Work item → Restate each line of the listing exactly, without carrying over any pictures.

Dataset excerpt →
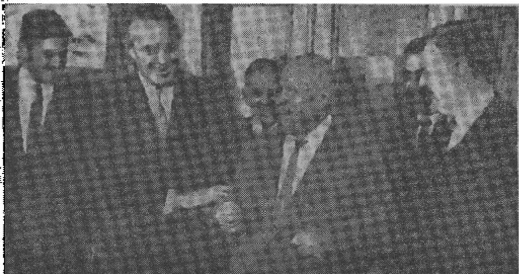
起凱眾在 美駐哈國 蘇大使里 科曼播 勒發(一) 譯員赫魯 曉夫和哈 里曼三國 禁核試 談判開 始前會 晤情況 的特別 照後排 右起黑 爾什姆 等七月 十二日 在克里 姆林宮 舉行

他发表了下列声明: “这是小组委员会将要举行的若干意见听取会之一,目的是为了深入地研究苏联和共产党中国之间的分裂的性质和意义。” “当然意识形态发生了分歧,但我认为还有历史和民族差异,经济和社会问题,军事因素及对目前世界局势的不同估计和解释,所有这一切都使两国关系更为复杂了。” “我们的主要注意力将集中在尚未进行充分探索或明确说明的因素上。今天的会议增进了对这些因素的了
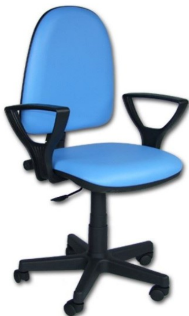
Zdj.1 Zdjęcie poglądowe

Answer section →
起凱眾在 美駐哈國 蘇大使里 科曼播 勒發(一) 譯員赫魯 曉夫和哈 里曼三國 禁核試 談判開 始前會 晤情況 的特別 照後排 右起黑 爾什姆 等七月 十二日 在克里 姆林宮 舉行

他发表了下列声明: “这是小组委员会将要举行的若干意见听取会之一,目的是为了深入地研究苏联和共产党中国之间的分裂的性质和意义。” “当然意识形态发生了分歧,但我认为还有历史和民族差异,经济和社会问题,军事因素及对目前世界局势的不同估计和解释,所有这一切都使两国关系更为复杂了。” “我们的主要注意力将集中在尚未进行充分探索或明确说明的因素上。今天的会议增进了对这些因素的了
Zdj.1 Zdjęcie poglądowe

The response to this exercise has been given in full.